In this paper, speech discrimination was used to detect and classify speech segments of a signal comprising different types of audio. Here, speech/music discrimination does not refer to separating the voice of the singer from a melody in a music track. Additionally, a feature extraction method called Long-Term Multi-band Frequency-Domain Mean-Crossing Rate (FDMCR) was proposed to discriminate speech from music in audio signals. The characteristics of the audio signal in the frequency domain were used to calculate the FDMCR. The proposed method is a long-term feature that is robust against sudden changes in audio signals. Below are the highlights of this paper:

  • Introducing a new concept of mean-crossing rate in the frequency domain

  • Proposing a novel feature extraction method based on the average frequency-domain mean-crossing rate along the frequency axis for each of the Mel-scaled perceptual frequency bands of a signal spectrum

  • Demonstrating the class-separation ability of the proposed feature extraction method in discriminating between speech and music using well-known divergence criteria, such as MFDR, Bhattacharyya, and SKL

  • Demonstrating higher accuracy of the proposed feature extraction method compared to other features in the speech/music discriminating process using conventional classifiers (SVM, GMM, and k-NN) and deep learning methods (CNN, LSTM, and Bi-LSTM) on two popular speech-music datasets GTZAN and S &S

The rest of the article is organized as follows. In Sect. 2, some of the most recent studies and notable works related to speech/music discrimination are briefly mentioned. The proposed method is described in Sect. 3, along with relevant mathematical equations. Section 4 deals with the comprehensive performance evaluation of the proposed method. Finally, the conclusions are presented in Sect. 5.

2 Literature Review

Discriminating speech from music has various applications. One of the earliest applications of SMD systems involved real-time discrimination of speech from other contents being transmitted on FM radio channels [37]. As advertisements begin on a radio channel, the system changes the channel automatically. It was mentioned in [37] that the performance of this system is high, and the ZCR feature is used for this purpose. In [20], the SMD system was employed to analyse radio channels. Authors in reference [44] used other features (i.e., spectral, rhythmic, and harmonic features) of audio signals, especially music signals, for better classification. In [38], the low-energy measure was introduced for the SMD system. Also, using peak energy in speech signals was discussed in [34]. In [10, 30], MFCC was employed to improve discrimination.

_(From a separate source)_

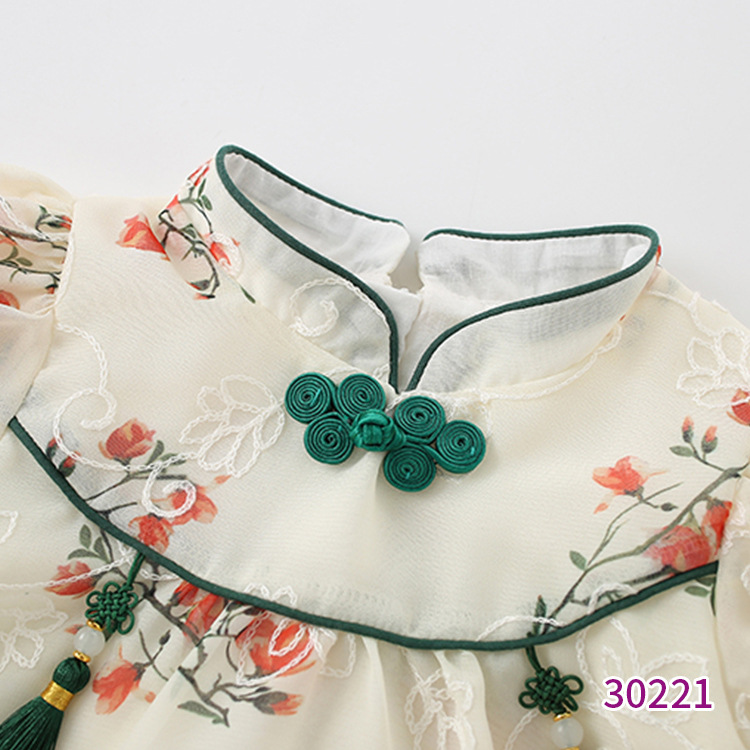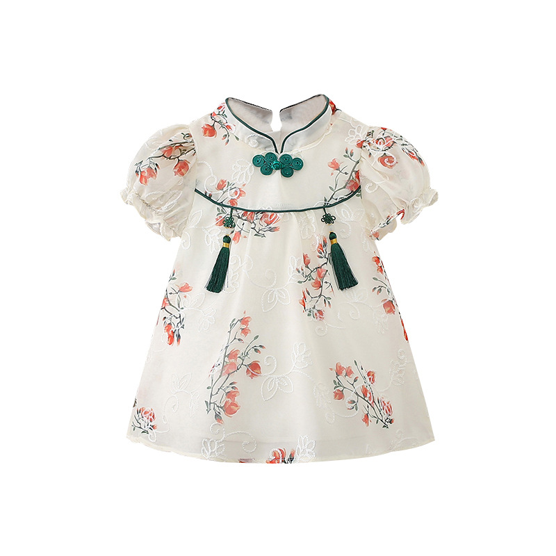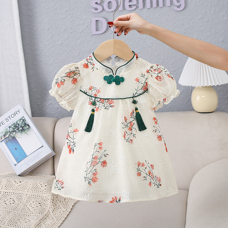 商品名称:天静童装2023年夏季新款女童连衣裙 中国风儿童短袖旗袍汉服裙

Authors in [14, 31] used the LPC feature for speech/music discrimination. As mentioned, the application of SMD systems is not limited to a few cases. In another case, the SMD system was used for Enhanced Voice Services (EVS) [29]. Authors in [25] used a series of features obtained from empirical mode decomposition, such as mean, absolute mean, variance, skewness, and kurtosis. The proposed method in [3] is based on the Single Frequency Filtering (SFF) approach so that in audio signals, the parts associated with speech have a higher signal-to-noise ratio (SNR) in all frequencies compared to other parts which include noise.

In [12], a set of filter-based features was combined to separate speech from background sounds (noises). In that study, the discrimination accuracy increased by about 24% in all environmental conditions. In [24], features specific to human speech, such as features that represent excitation source, vocal tract, and speech syllable rate, were used for speech/music classification. In [39], features obtained from chroma vectors and combinations with other features were used to discriminate speech from music accurately. The proposed features in that study are effective and efficient.

In [40], the proposed SMD method is founded on the distinction that music carries a melody, while speech does not. The author employs deviation distribution linked with fundamental frequencies of various audio signal components to suggest a technique that can differentiate between speech and music. Additionally, [11] utilizes the Stereo-Input Mix-to-Peripheral Level (SIMPL) feature for discrimination, which is commonly utilized to approximate the speech-to-music ratio. In [41], several methods have been proposed for automatically classifying a large number of audio signals. It has been mentioned that SMD accuracy using the proposed method would be more than 94%.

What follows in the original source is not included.